Рисунок на две страницы, над которым я работал, изображал, как султан своей милостью освобождает должников, не сумевших рассчитаться с заимодавцами и приговоренных к тюрьме. Повелителя я посадил так, как он всегда сидит во время этой церемонии (я сам бывал тому свидетелем), – на край ковра, на котором разложены мешочки с серебряными акче. Немного позади султана я нарисовал главного дефтердара [53] ; в руках у него – тетрадь, из которой он зачитывает записи о задолженностях. Осужденные должники, которые скованы цепями, продетыми в железные ошейники, преисполняются, попав перед очи султана, печали и страданий: вид у них понурый, брови насуплены, у некоторых на глазах слезы. Когда же они узнают, что султан оказывает им благодеяние, избавляя от тюрьмы, то от радости начинают возносить благодарственные молитвы и читать стихи; рядом красивые музыканты, которых я одел в красное, играют на уде и тамбуре [54] . Чтобы лучше было понятно, какой стыд и душевную боль испытывает человек, попавший в долговую яму, я, хотя это и не было предусмотрено, изобразил рядом с последним из вереницы осужденных его подурневшую от горя жену в фиолетовых одеждах и прелестную дочурку в красной накидке-ферадже, длинноволосую и печальную. Я собирался рассказать, как растянул на две страницы череду скованных цепями должников, объяснить скрытый смысл красного цвета, показать кое-что такое, чего никогда не увидишь у старых мастеров: пересмеиваясь с женой, я пририсовал в уголке собачку и раскрасил ее в тот же цвет, что и атласный кафтан султана. Мне хотелось, чтобы этот хмурый Кара понял, что рисовать – это значит любить жизнь. Но тут он задал мне чрезвычайно неуместный вопрос.

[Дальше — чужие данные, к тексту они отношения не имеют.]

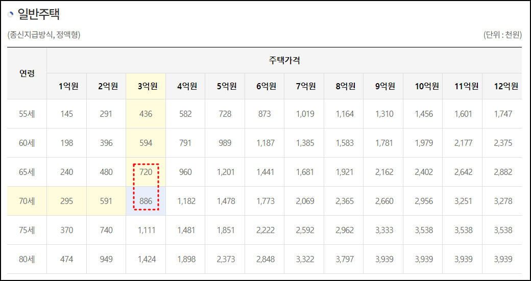 표를 확인해 보면, 3억 원 주택을 가진 사람이 연금을 신청할 경우 65세는 매월 72만 원, 70세는 88만 6천 원을 지급받을 수 있는 것을 알 수 있습니다.

Не знаю ли я, случайно, где может сейчас находиться бедный Зариф-эфенди?

Бедный? Вот еще! Ничтожный подражатель, работающий только ради денег, дурак, не ведающий, что такое вдохновение! Но этого я вслух не сказал.

– Нет, – ответил я, – не знаю.

Не думаю ли я, что на него могли напасть приверженцы проповедника из Эрзурума?

Я снова сдержался и не ответил, что он сам из этих.

– Нет, – сказал я. – Зачем им это нужно?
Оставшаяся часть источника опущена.